There is an ongoing discussion about this proposition on the forum.

The source code of ucon64 may prove helpful for extracting information directly from ROMs.

Table of contents [expand all] [collapse all]

Issues to be Addressed

Extensibility

The GMV format can not easily be modified or improved. The GM2 format should allow additional information to be inserted in a forwards-compatible manner. GM2 does not need to be backwards-compatible with GMV.

Configuration Options

The GMV format does not store certain configuration options which can effect synchronization. These include the following.
  • sound rate [1]
  • SRM information (important for SegaCD recording, when stable)
  • perfect synchro (important for SegaCD recording, when stable)
  • country
  • up/down left/right (important for recording)
  • Video resolution. [7]

Game Information

GMV does not contain any information on which ROM was used to record a movie. The GM2 format should contain both the internal ROM name and a checksum of the ROM.

Hexedit-friendly

The GMV format is relatively hexedit-friendly. However, the format may be considered hedexit-friendly as long as there is a portable editor or GM2<->text convertor available. The ability to directly load and save an ASCII verion of GM2 fulfills this requirement.

Compression

Button-press recordings compress very well, but GMV does not allow for internal compression.
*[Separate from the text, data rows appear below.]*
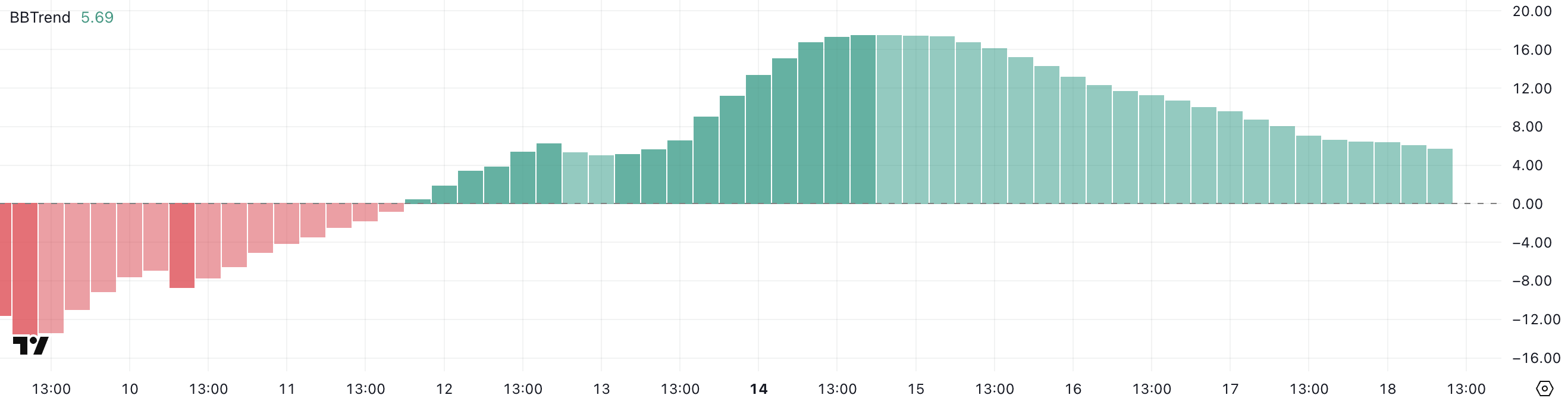SponsoredNilai yang lebih tinggi menunjukkan pergerakan yang kuat dan terarah (baik naik atau turun), sementara nilai yang lebih rendah menunjukkan tren yang lebih lemah dan volatilitas yang berkurang. Dengan BBTrend sekarang di 5,69, Solana berada di lingkungan yang jauh kurang volatil, yang sering kali mendahului breakout atau pembalikan.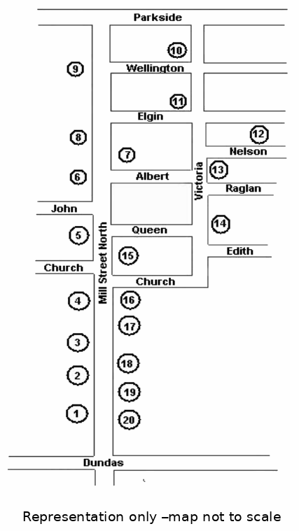 Since the tiny cottages along Nelson Street are located close to the banks of Grindstone Creek, they were often occupied by mill workers. Nelson and neighbouring Raglan Street were laid out in the McMonies and Stock Survey of 1856. This area is known locally as “Dutchtown”, a corruption of Deutschtown, probably because many of the early families who found work in the mills were of German origin. Many of the houses along this street have been beautifully renovated.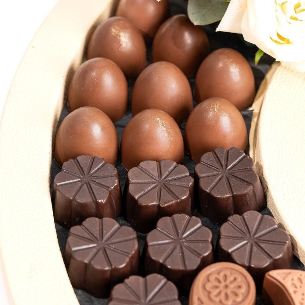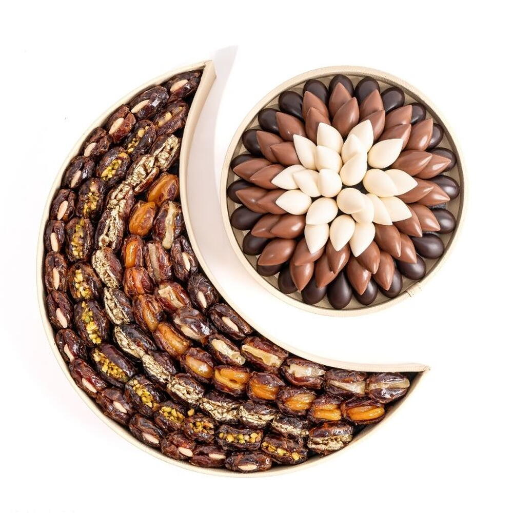 9 x Финики фаршированные сушёным ананасом 12 x Финики фаршированные абрикосом 13 x Финики фаршированные грецким орехом 13 x Финики фаршированные фисташками 19 x Финики фаршированные миндалём 21 x Ассорти белого шоколада 34 x Ассорти молочного шоколада 41 x Ассорти тёмного шоколада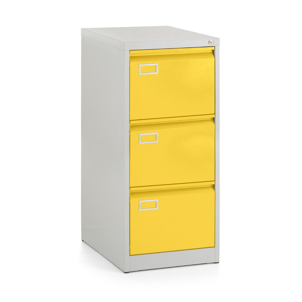Kovová kartotéka A4 - 3 zásuvky, 45,5 x 62 x 101,5 cm, cylindrický zámek, žlutá - ral 1023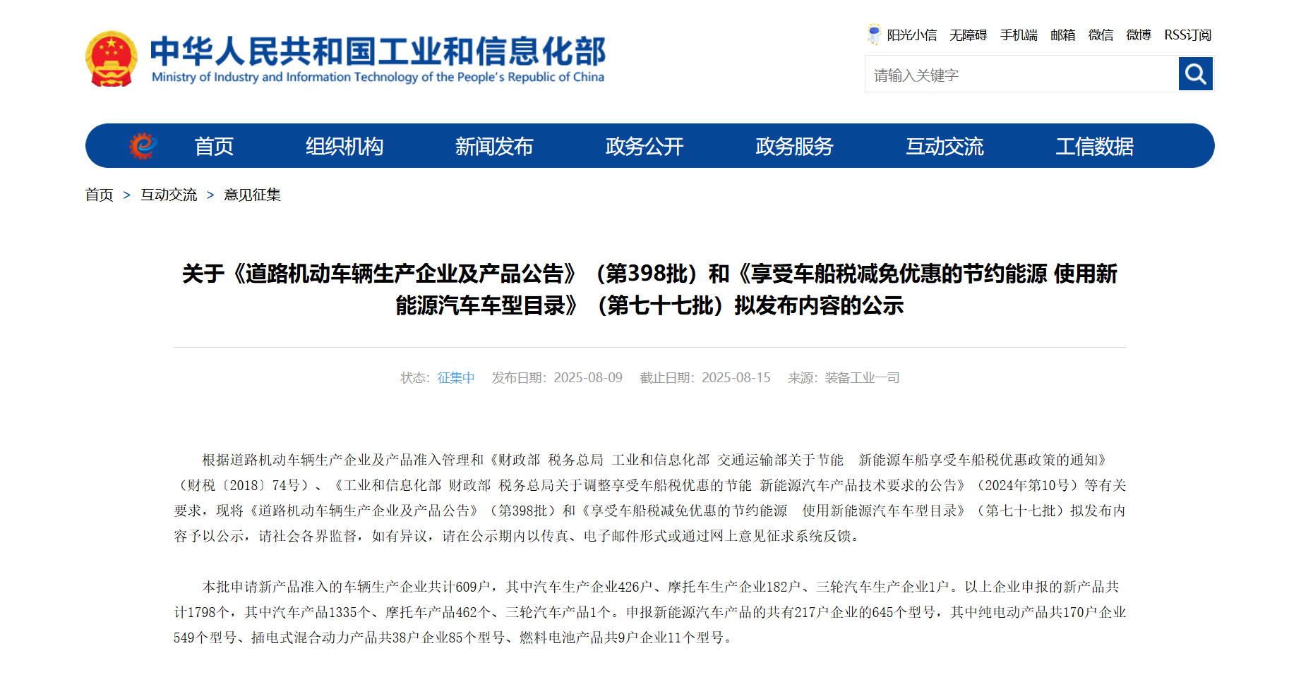 (財稅〔2018〕74號)、《工業(yè)和信息化部財政部稅務總局關于調(diào)整享受車船稅優(yōu)惠的節(jié)能新能源汽車產(chǎn)品技術要求的公告》(2024年第10號)等有關 要求,現(xiàn)將《道路機動車輛生產(chǎn)企業(yè)及產(chǎn)品公告》(第398批)和《享受車船稅減免優(yōu)惠的節(jié)約能源 使用新能源汽車車型目錄》(第七十七批)擬發(fā)布內(nèi) 容予以公示,請社會各界監(jiān)督,如有異議,請在公示期內(nèi)以傳真、電子郵件形式或通過網(wǎng)上意見征求系統(tǒng)反饋。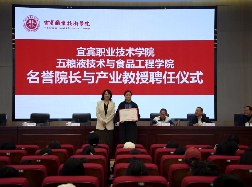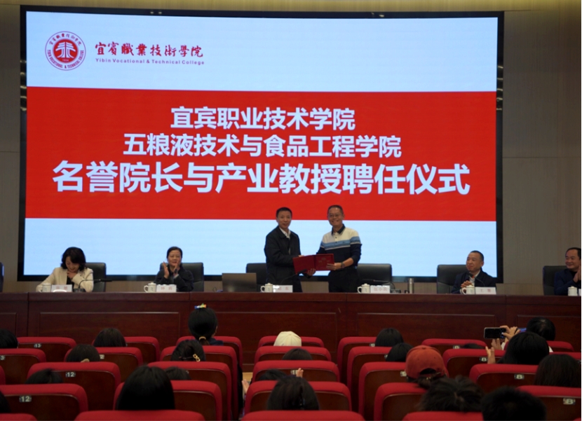 为进一步加强我院与白酒龙头企业的全面合作,促进产教深度融合,11月12日,宜宾职业技术学院五粮液技术与食品工程学院名誉院长与产业教授聘任仪式在勤勉楼231会议室隆重举行。宜宾五粮液股份有限公司技术总顾问赵东、制曲顾问钟莉,学院党委副书记、院长伍小兵,党委常委、副院长王赛,党委常委、组织部部长陈敏出席仪式。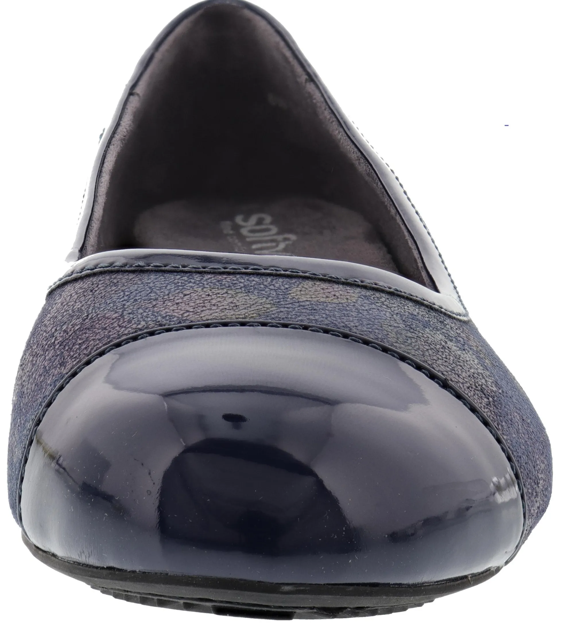 The SoftWalk Napa is an incredibly comfortable ballerina style with a low-profile cushioned footbed that includes a gentle arch support. The footbed uses both soft microfiber lining (with a colorful, fun pattern) and leather inserts for a secure and comfortable fit.

GM2 should allow movies to be optionally compressed as zip files for publication. This prevents the need for separate compression/decompression steps when submitting movies or viewing submitted movies.

In other words, a zip archive containing a valid GM2 file is also a valid GM2 file. (Not recursively, that would be silly.)

Number of Players

GMV is hard-coded to allow 2 players with 6-button controllers. Version 9D contained a hack to allow 3 players with 3-button controllers, but this is not an ideal solution. GM2 should allow at least 3 players with 6-button controllers. Ideally, the number and configuration of controllers would be variable so that an arbitrary configuration could be stored with no wasted space.

Integrity

A GM2 file should contain an internal checksum to ensure file integrity. This checksum need only alert a user of errors resulting from corruption in storage and transit.

Current Proposal

The current proposal is a chunk-based format, superficially similar to PNG. This format is a stripped-down version of Jyzero's proposal. All integers are unsigned 4-byte little endian. All strings are UTF-8 encoded and null-terminated unless otherwise specified. Lengths given include terminal nulls.

Header

  0x000 - 4-byte magic number 'GM2\0'
  0x004 - 4-byte CRC of file (not including the first 8 bytes), or 0
  0x008 - 1-byte number of chunks in file. *
  0x009 - 3-byte 0 padding. +
  0x00C - 4-byte movie "uid" - recording time in epoch seconds, useful for
                               identifying movies and states with each other
  0x010 - start of chunk data

General Chunk Format

Values are offsets from the beginning of a chunk. No chunk may appear more than once. Required chunks must appear exactly once.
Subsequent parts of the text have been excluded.